President Barack Obama has been asked to block the granting of a licence for the first Cork-US flights.
Four Congressmen are already trying to introduce legislation to block the permit.
Now, 32 US Congressmen have now written to Mr Obama urging his administration to reconsider the US Department of Transportation’s (DoT) tentative decision to grant a foreign carrier permit to Irish-based airline, Norwegian Air International (NAI).
The airline, a subsidiary of low-fares giant Norwegian, wants to launch a Cork to Boston service this year, with a link to Barcelona, and a Cork to New York service next year.
NAI received technical certification to operate certain aircraft on its proposed transatlantic routes from Cork earlier this week.
But it can’t start selling tickets for the proposed Boston flights until the foreign carrier permit is signed off.

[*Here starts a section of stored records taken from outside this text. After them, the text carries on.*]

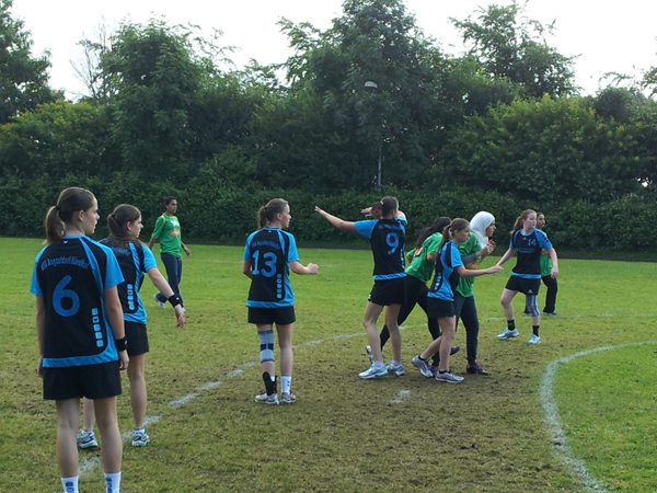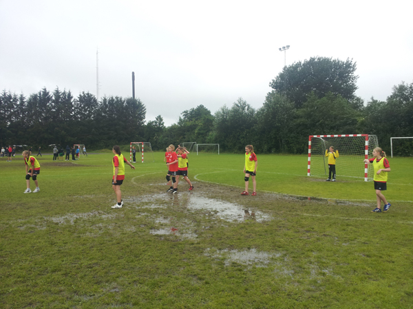 Gestern und heute ging es nach der Vorrunde weiter... Ausser der maennlichen B1, die in der Hauptrunde gespielt hat, sind alle anderen vier Teams in die Trostrunde eingezogen. Nachdem gestern schon Regenguesse das Spielen zu Rutschpartien gemacht haben, sind auch heute Morgen viele Spiele im wahrsten Sinne des Wortes ins Wasser gefallen. Riesige Pfuetzen rund um den Neunmeterkreis und erneuter Regen von oben machten das Handballspielen zu einer Schlammschlacht. Nur die U21 blieb mit ihren Spielen in der Halle vom kuehlen Nass von oben verschont.Trotz dieser Widrigkeiten hat es die weibliche B-Jugend bis ins Halbfinale geschafft und hier nur knapp - angefeuert von fast allen HSGlern, verloren. Glueckwunsch an die Maedels!
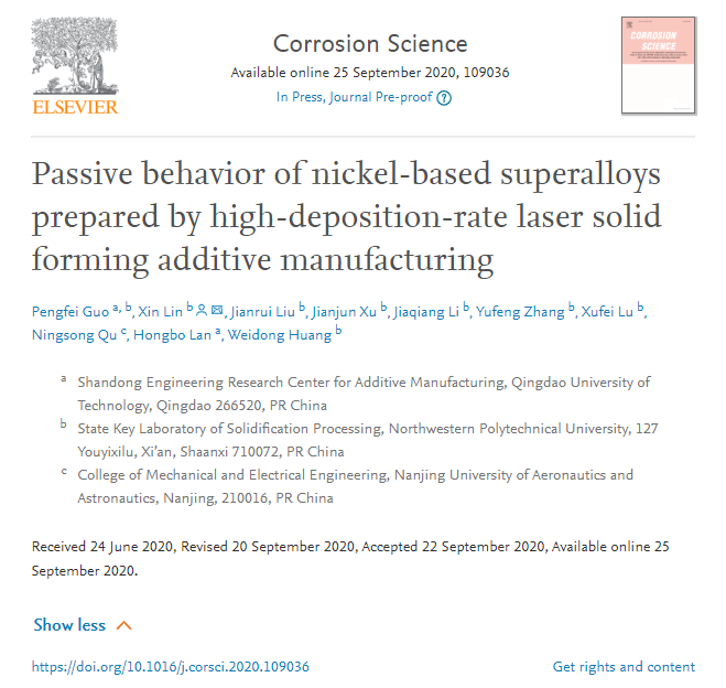 公司青年教师郭鹏飞博士联合西北工业大学黄卫东教授、林鑫教授团队和南京航空航天大学曲宁松教授团队,开展了航空发动机用镍基高温合金典型牌号Inconel 718合金(国内牌号为GH4169)的高沉积速率激光立体成形实验。基于激光熔池形貌及温度场数值模拟,揭示了高沉积速率条件下沉积态组织织构的演化规律;通过观察钝化膜的原子尺度结构、成分特征,利用点缺陷模型(Point Defect Model)理论,阐明了钝化膜诱导沉积态试样电化学活性各向同性的作用机理。相关成果以题为“Passive behavior of nickel-based superalloys prepared by high-deposition-rate laser solid forming additive manufacturing”的论文发表在材料腐蚀领域顶级期刊《Corrosion Science》上。论文链接:https://doi.org/10.1016/j.corsci.2020.109036。论文第一作者为公司申博SUNBET郭鹏飞副教授,第一署名单位为申博SUNBET山东省增材制造工程技术研究中心。该研究得到了科技部国家重点研发计划项目(No. 2018YFB1105901)的支持。
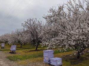 Honey bee analysis colonies used for analysis of supplemental forage in almond orchards (Photograph by way of E. L. Niño)
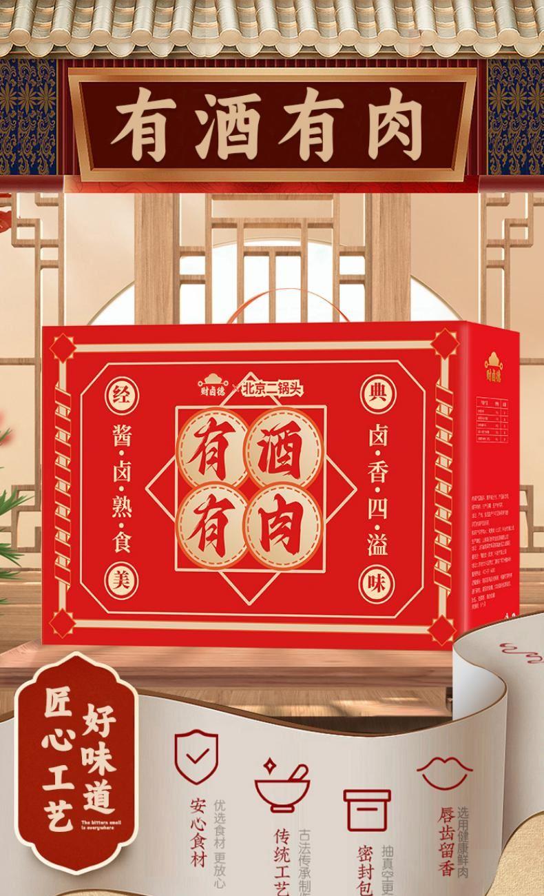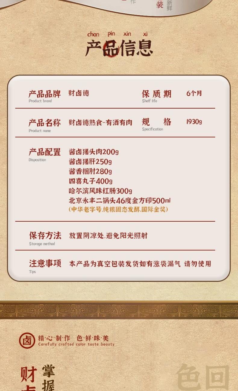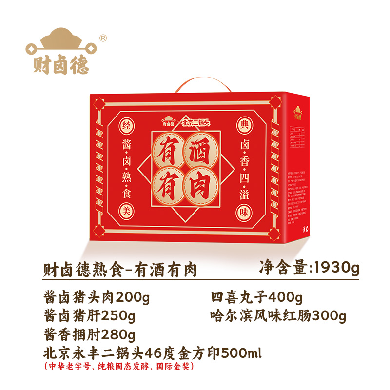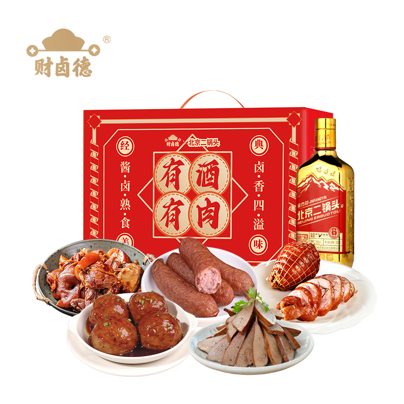 1.酱卤猪头肉200g 2.酱卤猪肝250g 3.酱香捆肘280g 4.四喜丸子400g 5.哈尔滨风味红肠300g 6.北京永丰二锅头46度金方印500ml (纯粮固态发酵、国际金奖)

The letter from Congressmen comes days after the deadline passed for submissions to the US DoT on its tentative decision announced in April to grant the licence to NAI. The DoT is expected to provide answers to the various submissions by next week.
The timeline on a final decision date remains unclear.

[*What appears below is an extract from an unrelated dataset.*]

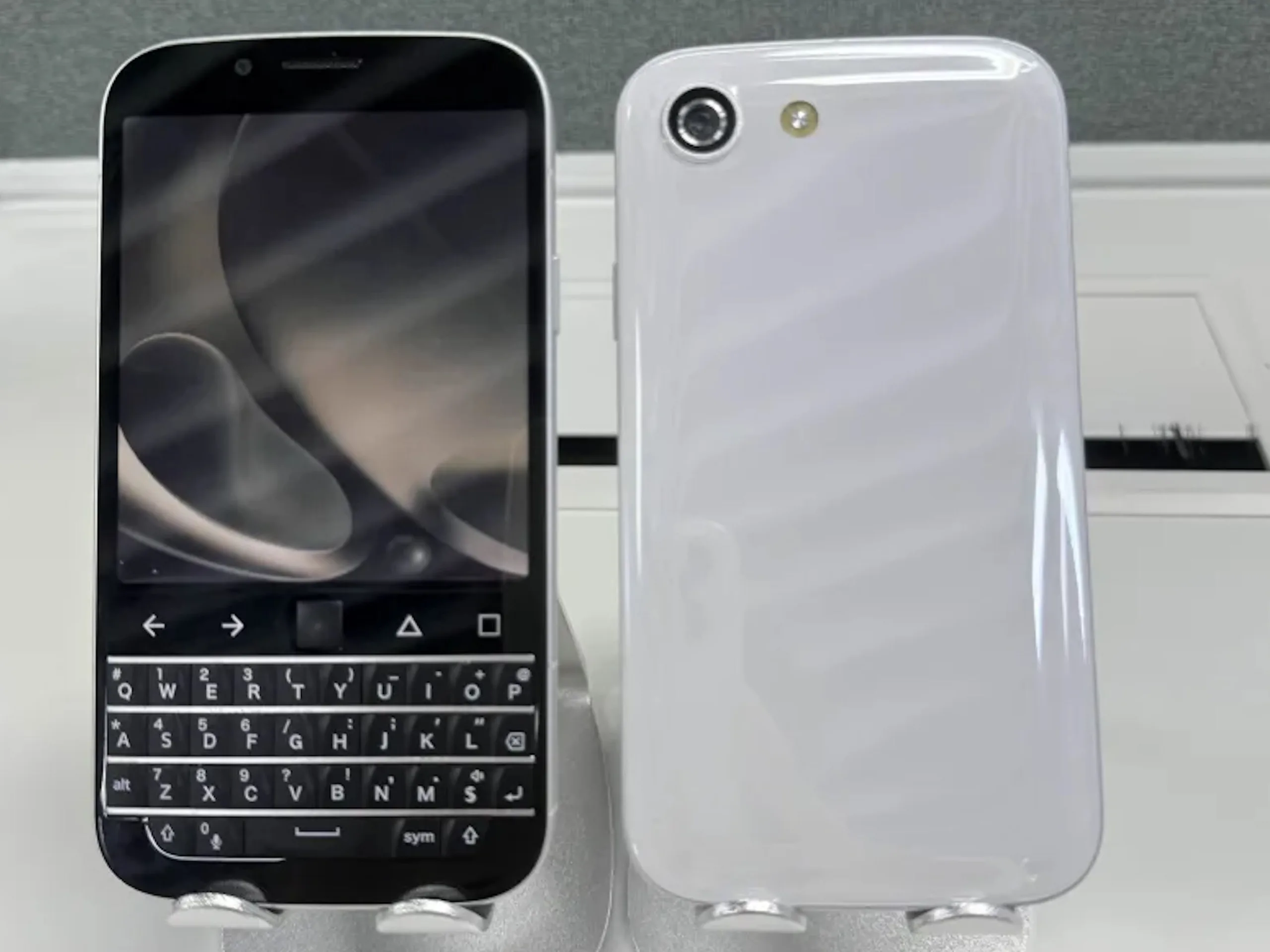 Zu sehen ist das Smartphone in der mehr oder weniger erwarteten Form: So gibt es eine Tastatur, welche insgesamt vier Reihen mitbringt, ein Ziffernblock ist wenig überraschend nur über eine Zweitbelegung nutzbar. Eine Eingabe-Taste und Tasten für die Großschreibung gibt es. Über der Tastatur und damit noch unter dem Bildschirm sind dabei noch vier Tasten und noch eine Art Touchpad zu sehen. Die Tasten ersetzen dabei offenbar die On-Screen-Navigationstasten, damit dürfte sich also Vor- und Zurücknavigieren lassen. Zinwa hat nicht nur Bilder der Vorder-, sondern auch der Rückseite geteilt. Zumindest die aktuelle Version des Zinwa Q27 kommt mit einer glänzenden Rückseite. Genau dies wird von der Community auch kritisch bemerkt, einige Nutzer geben sogar an, dass die Anmutung zumindest auf den Fotos eher billig wirkt. Inwieweit die fertige Version des Q27 denn auch mit einer glossy Rückseite kommt, ist unklar.
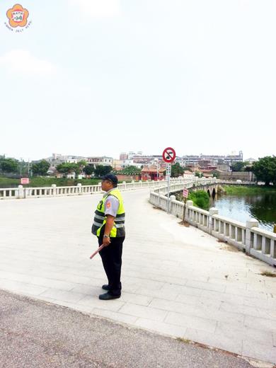 圖文/翁維智 位於金沙鎮汶沙里前的榮湖,是築堤圍堵金沙溪而成的湖泊,蓄水面積16公頃,當年經國先生特命名為「榮湖」,寓有欣欣向榮之意,湖前有涼亭及碑石,為小鳥聚集及遊客賞鳥的據點之一。而虎嘯橋跨湖而過將湖一分為二,是汶沙里民穿越湖心最便捷的聯外道,唯因橋樑並未對大車的通行設禁,致橋面時有破損的情事發生,安全堪虞。 為防患未然,縣警局日前於道安會報中特別提案「請於榮湖虎嘯橋兩端設置8噸以上車輛禁止進入標誌各1支」及「道路及橋樑提出禁止20噸、12噸或8噸等以上車輛禁止進入標誌之設置事宜。」 經決議,警方日前已配合觀光處,在金沙鎮榮湖虎嘯橋完成設置限制8公噸以上車輛進入禁止標誌牌,並立即責成轄區分駐所不定期前往巡查,勸導取締違規車輛,希望能有效防杜8公噸以上車輛違規駛入。

In their letter to Mr Obama, the Congressmen said the landmark US-EU Open Skies Agreement has resulted in substantial benefits. “Market liberalisation has improved service options for consumers, spurred fare competition, increased travel to the US, and opened opportunities for US carriers in new markets,” they said.
“The benefits come as a result, in part, of provisions designed to ensure our aviation labour forces continue to enjoy strong employment protections.”

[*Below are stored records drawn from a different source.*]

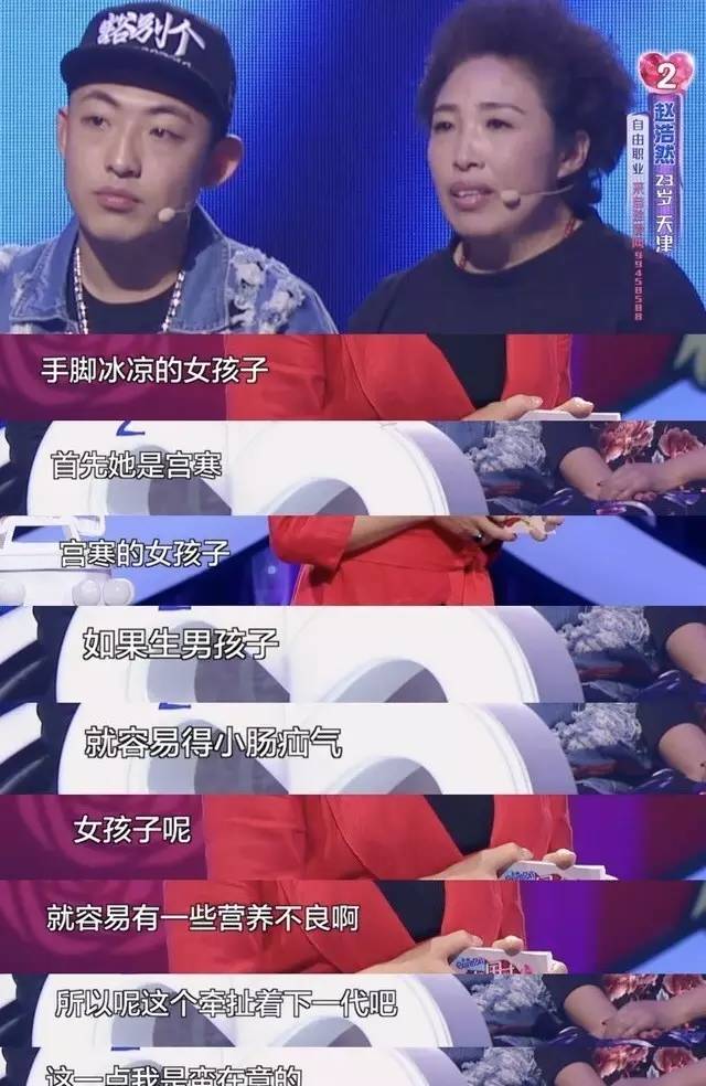 另外一个营养师母亲,上来就要求女生不能手凉,因为手凉的女孩宫寒,宫寒生出来的孩子健康没有保障。简单粗暴,这家人出来相亲其实要找的就是一个生育机器。
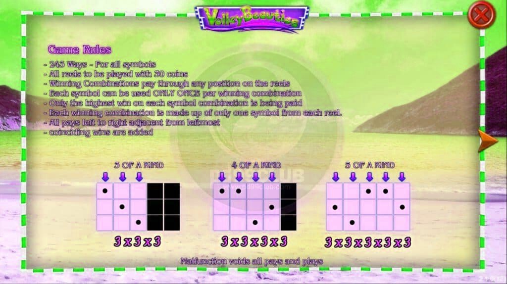 - ฟรีสปินเริ่มต้นเมื่อสิ้นสุดวอลเลย์บอลโบนัสราวนด์
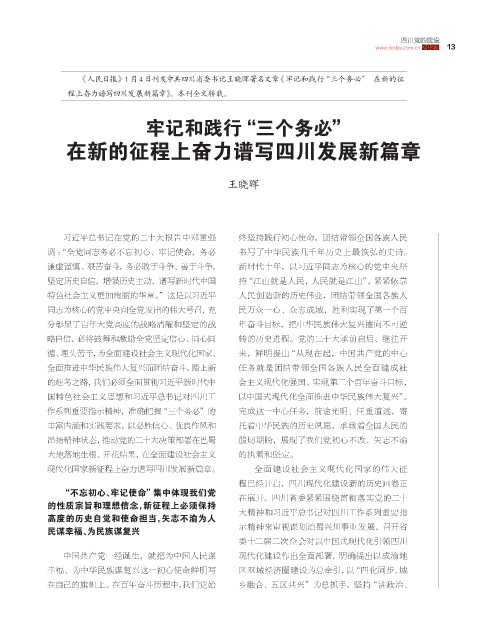 《人民日报》1 月 4 日刊发中共四川省委书记王晓晖署名文章《牢记和践行“三个务必” 在新的征
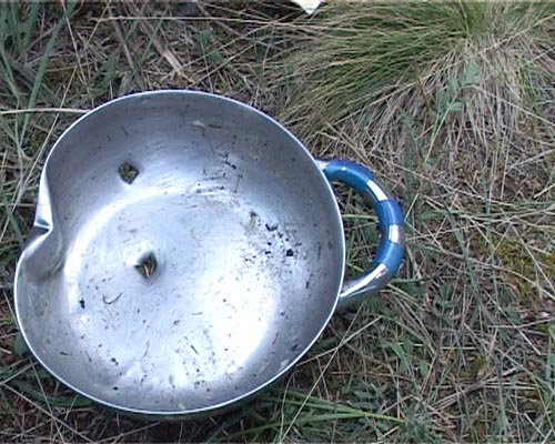 Рязанцы подсчитали свой ущерб. Пострадал один человек- травма ноги, прострелен К-4 – более 10 сквозных отверстий, порвана палатка, прострелено весло и посуда. У другой группы ущерба нет.
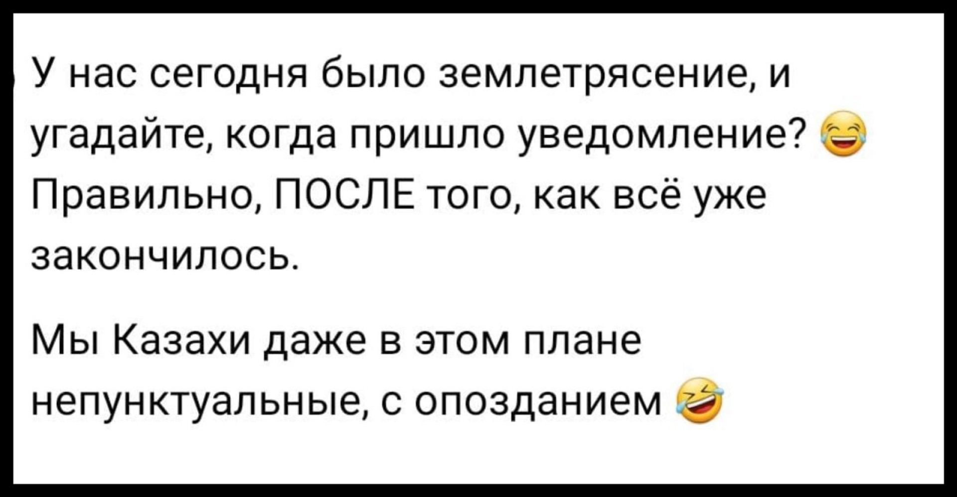 Тем временем интересный комментарий пришел из ДЧС Алматинской области - там жители тоже сегодня ощущали землетрясение. Оповещение некоторым также пришло с задержкой.

The Congressmen said the opportunities created by Open Skies are not intended to undermine labour standards or the labour-related rights and principles contained in EU or US laws.
They pointed out that NAI is a Norwegian-owned company which has applied to operate in the US as an Ireland-based, foreign air carrier. “We understand that NAI does not plan to locate significant operations in Ireland and may hire some employees under Singaporean or Thai employment contracts,” they claimed.
“This structure could allow NAI to avoid the labour and employment protections in Norwegian and EU law. This type of arrangement appears to be exactly what the labour provisions of the agreement (Open Skies) are intended to prevent.”
“It is troubling that DoT does not appear to have done its own analysis of whether the application does in fact violate these elements of the agreement.
“Instead, DoT only concluded that certain labour provisions alone cannot be used as the basis for denying an application.”
They said they support fair competition but warn the US aviation industry is critical to the economy and an important middle-class job creator.
“Bilateral air transport agreements have enjoyed wide support in the US because they have successfully fostered increased competition while providing greater opportunities for US airlines and their workers.
“Approving NAI’s foreign air carrier permit application would upset this careful balance and seriously harm the US aviation industry.”
NAI has consistently rejected the foreign workers’ contracts claim and pointed out that the DoT subjected its licence application to a rigorous assessment over two years and found it complies with Open Skies.
Mr Obama also told Taoiseach Enda Kenny in March there is no legal impediment to the granting of the licence.
The European Commission is poised to trigger arbitration if the licence is denied — a process which could take up to six months.